You know you’ve come across a good book when it stays with you after you’ve finished it. Whether that’s in the way you look at things with a new understanding or whether you find yourself speculating beyond the last page you know that for a time it will be there. Rarely have I come across a book that haunted me like The Ship. Long past that normal period of recalling and reflecting I found it drifting into my consciousness. I read it to Mrs Van and it was the same with her. Months after finishing, we were watching the news one night and a particular bulletin resulted in us turning to each other, eyebrows raised, saying, ‘The Ship!’ It’s no surprise that this book was among my top 5 of 2015, and I don’t need to tell you what an endorsement it is that it was in Mrs Van’s top 3, so I am delighted to be involved in the blog tour for the paperback launch of Antonia Honeywell’s The Ship.

Antonia kindly agreed to answer just a handful of the many questions this book gave rise to. I hope you enjoy her responses.

Antonia Honeywell copyright Chris Honeywell The Ship PB

 

What sparked this story in your imagination? How did it become a story you wanted to tell?

Do you read Dorothy L. Sayers at all? She is one of my go-to favourites for a good story well told, and her heroine, Harriet Vane, is a poor but fiercely independent woman who writes popular detective fiction. When she marries the wealthy Lord Peter Wimsey, she finds that her unwonted happiness and security sends her writing into darker places. That was my experience too. In my early thirties, for the first time in my life, I was able to look at someone I loved and think, ‘You love me,’ with confidence. (Politically we’re poles apart, but at least mealtimes are never boring.) It set me thinking about the terrifying prospects the human race is facing, and the responses of those with the power to effect change.

 

The sense of claustrophobia on board the ship is heightened by what’s either withheld from or simply not acknowledged by Lalla. Of the people that interact with her and shape her journey who was the most difficult to get right?

Michael was a tough one – in the early drafts, he was an aspiring cult leader, pure and simple. But as I began to live with him, I realised he was far more complex than that. His overriding motivation is his love and concern for his daughter, which brought him far closer to me (and I hope to the reader) than is entirely comfortable. The people’s motivation was easier – they have all suffered so badly that their critical faculties have been blunted. They’re too grateful for their sanctuary to ask questions. Michael doesn’t have that excuse – but he does want the best for his daughter. So at some point in that cycle, he has to be condemned for what he does – unless you think he’s doing the right thing. And I see that leads me straight into your next question…

 

One of the themes running through the Ship is the misuse of our planet’s resources. Did you undertake a lot of research around the science involved in the world you portray? What surprised you the most in what you discovered?

I did indeed.
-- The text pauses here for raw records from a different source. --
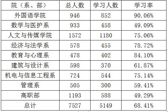bw必威西汉姆联官方网站十一季第七期青年大学习各院(系、部)学习情况公示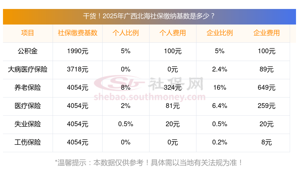 广西北海缴费社保比例一览 社保公司和个人各交多少?下表是2024-2025年广西北海社保费用明细参考,新社通app-社保缴费查询工具提供的最新数据如下: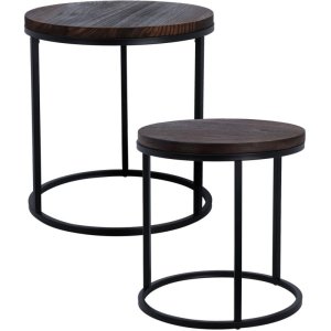 Sada 2 stolků.Materiál: dřevo, kovRozměry:- průměr 43 cm, výška 45 cm- průměr 38 cm, výška 40 cm- tloušťka dřevěné desky 2,2 cm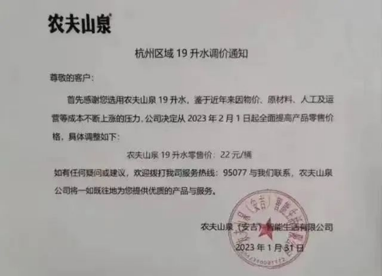 近日,一张农夫山泉《杭州区域19升水调价通知》在业内流传。《通知》显示,农夫山泉计划提高杭州市19L规格桶装水的售价,由此前的20元/桶提高至22元/桶,涨幅达10%。农夫山泉的客服证实了这一消息的真实性。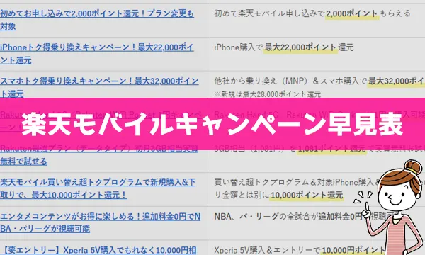 楽天モバイルキャンペーン早見表!お得なキャンペーンを見つけよう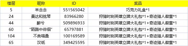 通过随机数的抽取,恭喜以下冒险者获取本次奖励,请在七个工作日内联系官方客服(QQ800181136)提供您的信息。

I’ve got files full of the stuff. Not just the misuse of the planets’ resources, but the amount of tinned tuna it would take to feed 500 people for 20 years and the biggest bags of rice you can buy and how long cooking oil keeps for and whether you can power a freezer from a solar panel. What surprised me most about the resources question is just how much we know about the damage we’re doing to the planet. It’s no mystery; the information’s all there, researched and proven. We know we are sitting on finite resources, and yet we buy strawberries in December and fly our green beans in from Kenya. We know the cost of cheap clothes, both for the environment and for those who are paid slave wages for making them, and yet Oxford Street is packed every Saturday. And I’m as bad. I have my car and my gas central heating, and although I don’t buy many clothes that’s only because I hate shopping. On the other hand, I don’t fly to Antarctica to personally inspect the impact of global aviation on the environment either. At what point do we stop and tell ourselves that what we’re doing is wrong?

 

Of those resources it’s arguably food that plays the most important part. Was it always your intention to have this focus or was there a process that led to its prominence in the story?
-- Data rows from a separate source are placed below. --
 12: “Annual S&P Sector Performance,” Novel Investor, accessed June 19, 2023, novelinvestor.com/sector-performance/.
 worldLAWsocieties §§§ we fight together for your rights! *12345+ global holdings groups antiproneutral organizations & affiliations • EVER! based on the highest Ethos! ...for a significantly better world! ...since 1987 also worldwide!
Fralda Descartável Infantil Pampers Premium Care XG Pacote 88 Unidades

I think food is where it’s at, ultimately. We have to eat. The way we organise housing and education, the role of technology in our lives, how we travel will change, but if we don’t eat we’ll die. And in the western world at least, food has become increasingly separated from its source. Industrial farming is a long, long way from the pretty pictures on the sanitised packages in which we buy our meat. Food storage is an advanced science; it’s completely possible to eat a full diet using stored food. Tinned vegetables and fruit often contain more nutrients than the fresh ones we buy in the supermarket. By living in such isolation from our food sources, we’re depriving ourselves of the chance to understand them. I feel that we’re understanding less and less about more and more of the things we rely on for survival.

 

I understand your short story, The Time Being is included in the paperback. Which came first, the novel or the short? Have you thought about writing beyond the last page and doing a sequel?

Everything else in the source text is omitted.